==== Data provided ====

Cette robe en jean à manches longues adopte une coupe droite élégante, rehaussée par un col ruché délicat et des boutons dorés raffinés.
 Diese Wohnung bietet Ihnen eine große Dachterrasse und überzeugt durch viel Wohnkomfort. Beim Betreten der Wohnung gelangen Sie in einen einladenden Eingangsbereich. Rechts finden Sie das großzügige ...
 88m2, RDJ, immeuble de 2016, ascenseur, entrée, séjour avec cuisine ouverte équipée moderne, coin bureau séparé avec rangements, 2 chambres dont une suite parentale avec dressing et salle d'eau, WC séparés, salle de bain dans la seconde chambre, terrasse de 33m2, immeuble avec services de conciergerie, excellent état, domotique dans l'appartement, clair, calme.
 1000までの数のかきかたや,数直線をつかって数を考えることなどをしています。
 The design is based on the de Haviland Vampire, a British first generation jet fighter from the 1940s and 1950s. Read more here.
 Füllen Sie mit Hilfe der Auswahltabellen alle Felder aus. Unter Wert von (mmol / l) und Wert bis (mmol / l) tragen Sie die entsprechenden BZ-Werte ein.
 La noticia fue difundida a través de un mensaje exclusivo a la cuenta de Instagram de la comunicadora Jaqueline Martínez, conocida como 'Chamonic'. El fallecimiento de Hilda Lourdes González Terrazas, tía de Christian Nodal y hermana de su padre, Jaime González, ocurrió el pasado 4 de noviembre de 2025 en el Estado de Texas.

====
==== Data provided ====

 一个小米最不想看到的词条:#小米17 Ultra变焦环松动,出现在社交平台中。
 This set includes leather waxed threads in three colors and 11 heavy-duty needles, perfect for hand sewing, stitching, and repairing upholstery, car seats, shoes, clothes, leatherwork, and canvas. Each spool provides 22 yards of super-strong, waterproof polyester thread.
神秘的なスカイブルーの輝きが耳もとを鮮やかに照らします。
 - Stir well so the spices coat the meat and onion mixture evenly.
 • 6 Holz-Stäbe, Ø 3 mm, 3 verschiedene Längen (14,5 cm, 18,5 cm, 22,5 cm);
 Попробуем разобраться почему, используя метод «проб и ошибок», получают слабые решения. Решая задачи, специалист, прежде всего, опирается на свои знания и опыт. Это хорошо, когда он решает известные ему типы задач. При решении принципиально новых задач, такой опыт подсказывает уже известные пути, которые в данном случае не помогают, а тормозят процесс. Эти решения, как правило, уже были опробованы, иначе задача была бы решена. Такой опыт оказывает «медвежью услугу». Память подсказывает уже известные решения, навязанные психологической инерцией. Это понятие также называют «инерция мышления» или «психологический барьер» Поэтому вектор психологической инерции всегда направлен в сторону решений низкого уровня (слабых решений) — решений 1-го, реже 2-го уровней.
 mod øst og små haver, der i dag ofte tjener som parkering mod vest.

====
==== Data provided ====

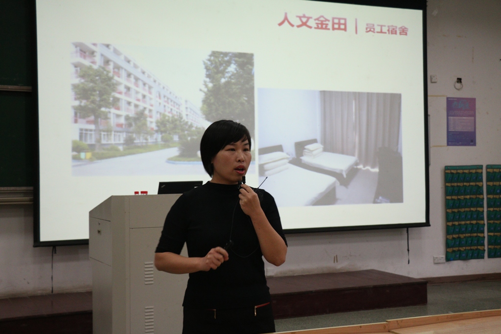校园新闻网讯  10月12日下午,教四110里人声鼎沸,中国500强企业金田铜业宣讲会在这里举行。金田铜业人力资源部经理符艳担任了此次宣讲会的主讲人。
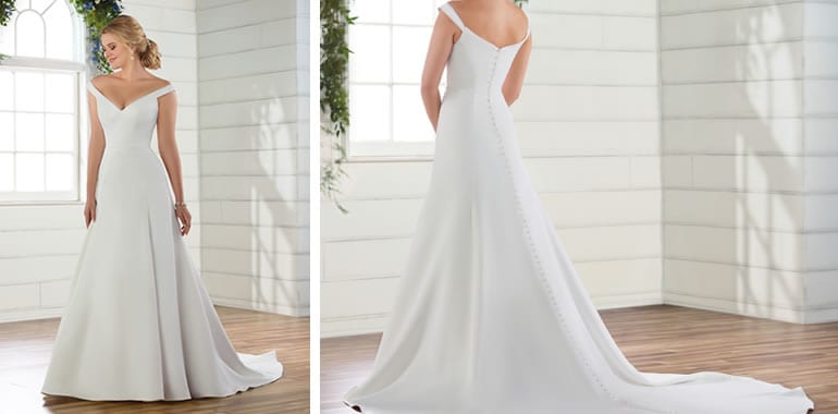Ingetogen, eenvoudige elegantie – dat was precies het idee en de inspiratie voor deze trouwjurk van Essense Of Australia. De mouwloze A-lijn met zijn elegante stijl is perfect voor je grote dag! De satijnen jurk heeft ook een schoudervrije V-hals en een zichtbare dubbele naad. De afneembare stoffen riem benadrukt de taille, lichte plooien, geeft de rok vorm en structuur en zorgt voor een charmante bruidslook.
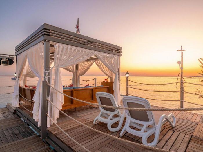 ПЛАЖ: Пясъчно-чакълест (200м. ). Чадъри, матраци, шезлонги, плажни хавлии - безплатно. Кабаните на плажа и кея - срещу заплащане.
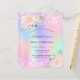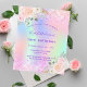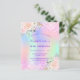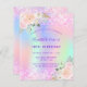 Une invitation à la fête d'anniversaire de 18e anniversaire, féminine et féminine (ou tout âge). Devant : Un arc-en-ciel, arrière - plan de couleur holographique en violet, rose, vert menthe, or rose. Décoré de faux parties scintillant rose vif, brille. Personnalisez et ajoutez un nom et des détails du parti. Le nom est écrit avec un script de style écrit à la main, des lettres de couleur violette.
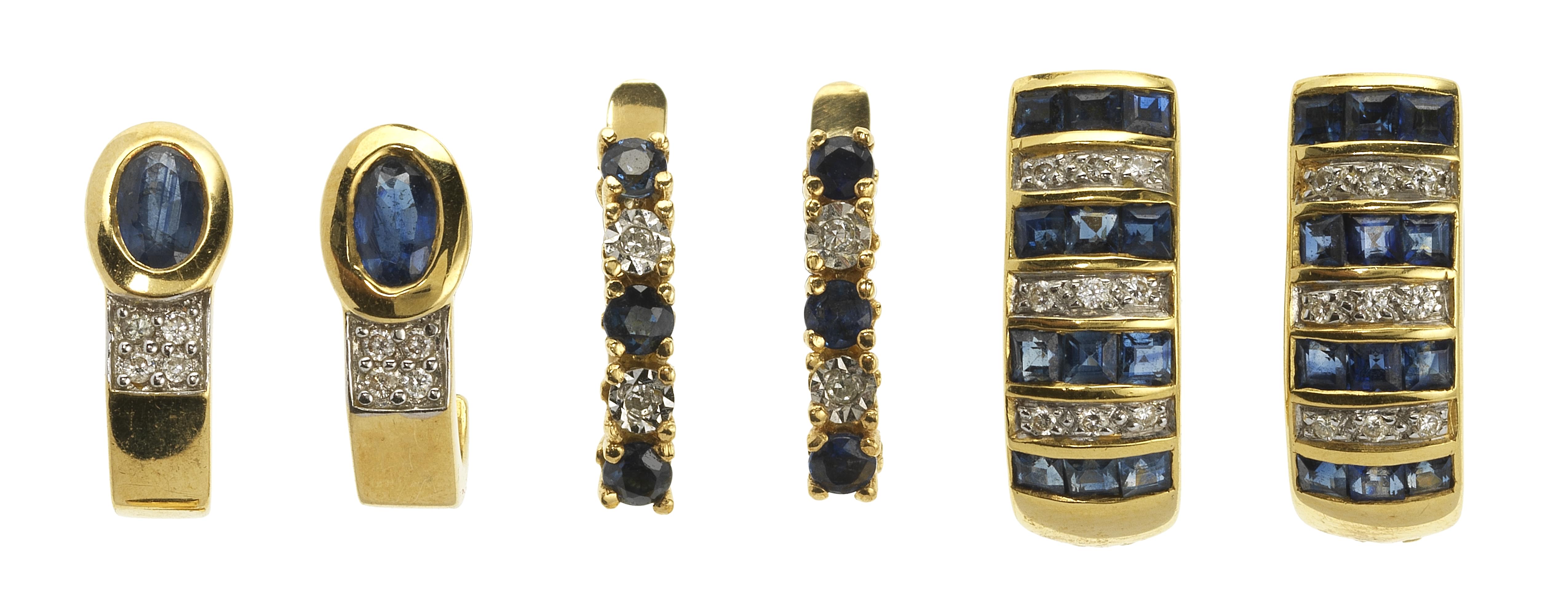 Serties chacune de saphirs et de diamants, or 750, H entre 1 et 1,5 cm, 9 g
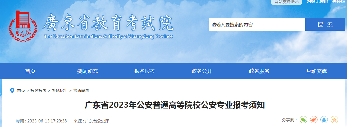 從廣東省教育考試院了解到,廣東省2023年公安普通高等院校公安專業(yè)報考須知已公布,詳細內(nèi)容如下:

====

- Work order:
Output the lines above between the one holding "Cette robe en" and the one holding "Diese Wohnung bietet", inclusive, with nothing before or after them.

- Exercise answer:
Cette robe en jean à manches longues adopte une coupe droite élégante, rehaussée par un col ruché délicat et des boutons dorés raffinés.
 Diese Wohnung bietet Ihnen eine große Dachterrasse und überzeugt durch viel Wohnkomfort. Beim Betreten der Wohnung gelangen Sie in einen einladenden Eingangsbereich. Rechts finden Sie das großzügige ...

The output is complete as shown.